The White House says a new plan put together by GOP members in the house is "partisan attempt to appease a small group of Tea Party Republicans."
A possible "bright day" in the U .S. Senate could mean a long day in the House.
Senate leaders from both parties say a deal is near to end the partial government shutdown and avoid a potential default as soon as this week.
However, House Republicans decided Tuesday to offer their own proposal that would tack on provisions changing President Barack Obama's signature health care reforms in what appeared to be a last-gasp effort to influence the agreement to reopen the government and raise the federal borrowing limit.
According to GOP sources and confirmed by Republican Rep. Darrell Issa of California, the House plan would include most of what is in the Senate agreement while adding a provision to suspend an Obamacare tax on medical devices for two years and remove federal health care subsidies for Obama and legislators when they obtain health coverage under the reforms.
In addition, the House proposal would forbid the Treasury from taking what it calls extraordinary measures to prevent the government from defaulting as cash runs low, in effect requiring hard deadlines to extend the federal debt ceiling.

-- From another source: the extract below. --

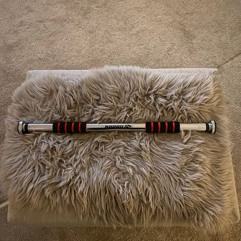 Setissä pieniä käytönjälkiä ja yksi punainen koristelevy puuttuu yhden 2.5kg kiekon alareunasta. Nämähän ei kuitenkaan vaikuta käyttöön, vaan hyvä treenisetti on tarjolla kohtuuhintaan. Mielellään myisin settinä, mutta aina voi tarjota, jos vain osa kiinnostaa.
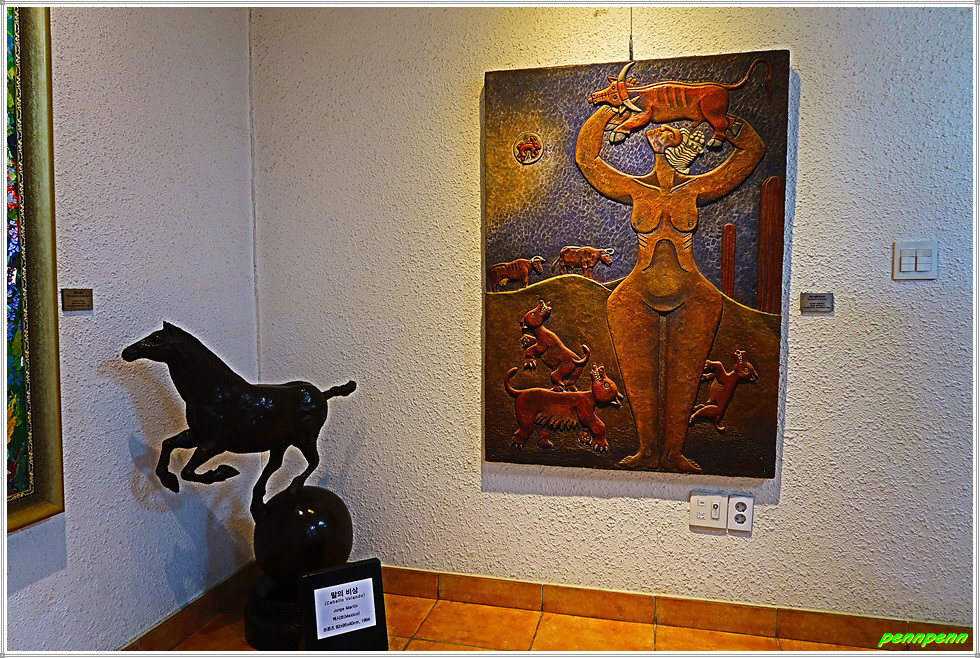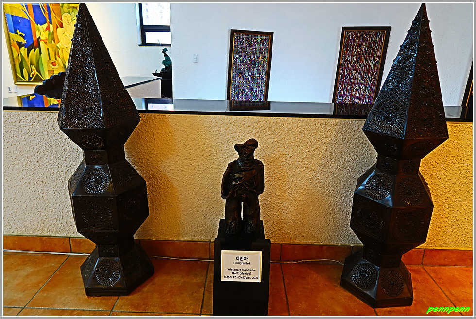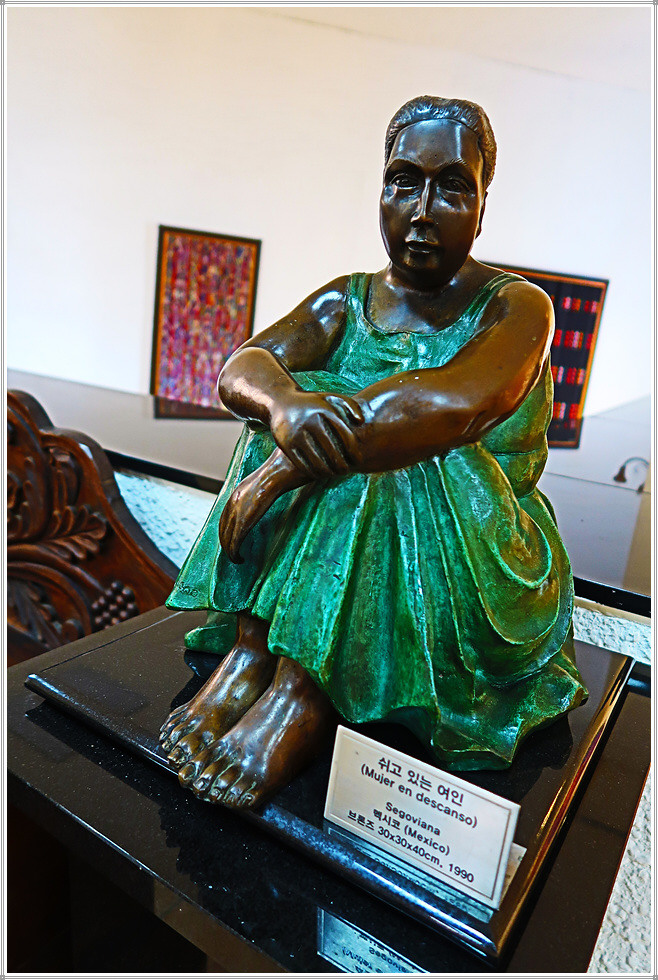 미술관 뜰에도 몇 점의 조각작품이 전시되어 있는데 문을 열고 안으로 들어서면 기념품 판매점입니다. 이곳에는 라틴아메리카를 기념할 만한 제품이 많지만 사진촬영이 금지되어 실물을 보여주지 못해 아쉽습니다.

Issa said a House vote could occur as soon as Tuesday night, while Senate Majority Leader Harry Reid indicated his talks with GOP counterpart Mitch McConnell were moving toward an agreement.
"I am confident we will be able to reach a comprehensive agreement this week," Reid said Tuesday, reiterating the optimism he expressed Monday night that raised hopes among investors, world leaders and regular Americans that the shutdown stalemate was nearing an end.

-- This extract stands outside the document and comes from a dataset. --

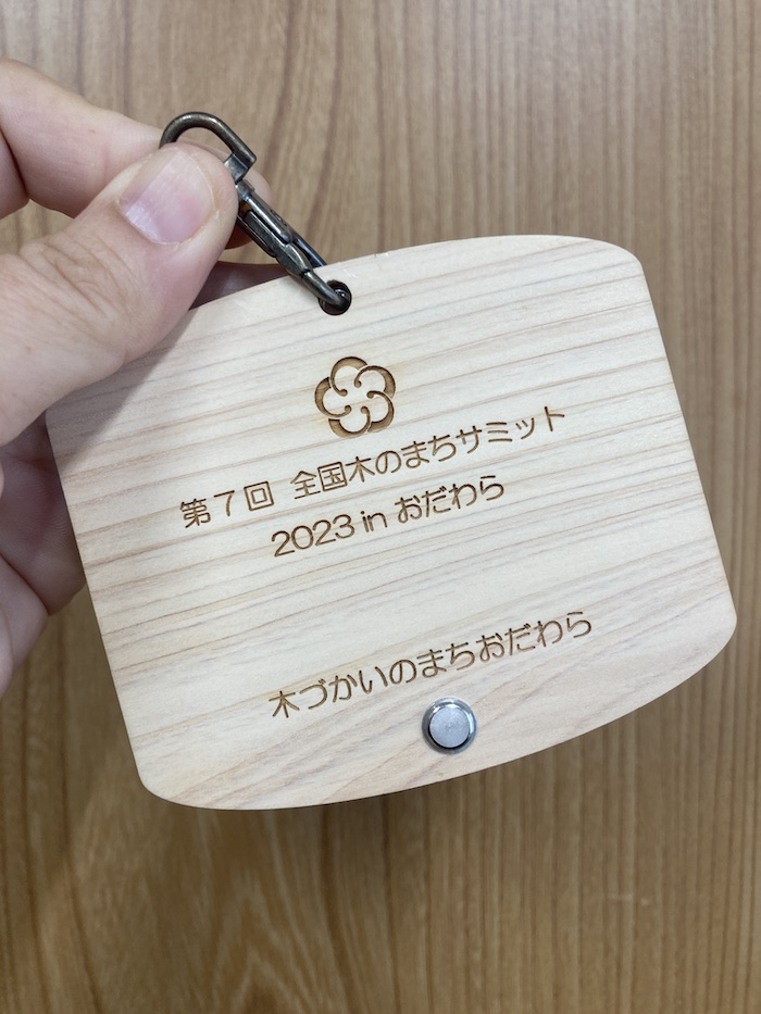 来場者に配布される木製パスケースを製作しました。

"Perhaps tomorrow will be a bright day," he said Monday.
U.S. stock futures -- often seen as an indicator of how markets will open -- were up only slightly early Tuesday as investors largely waited out the politicians.
Obama spoke Monday with McConnell, according to a GOP Senate aide, but the White House canceled a planned meeting with congressional leaders in what was perceived as a move to give Reid and McConnell room to negotiate.
Sen. Bob Corker, R-Tennessee, said it was time to get a deal done after lengthy delays he blamed on the unrealistic goal of gutting Obama's signature health care reform law.
"The fact is we've got to figure out a way to move ahead," he told CNN's "New Day" on Tuesday. "In fairness, on our side of the aisle, we've wasted two months, focused on something that was never going to happen."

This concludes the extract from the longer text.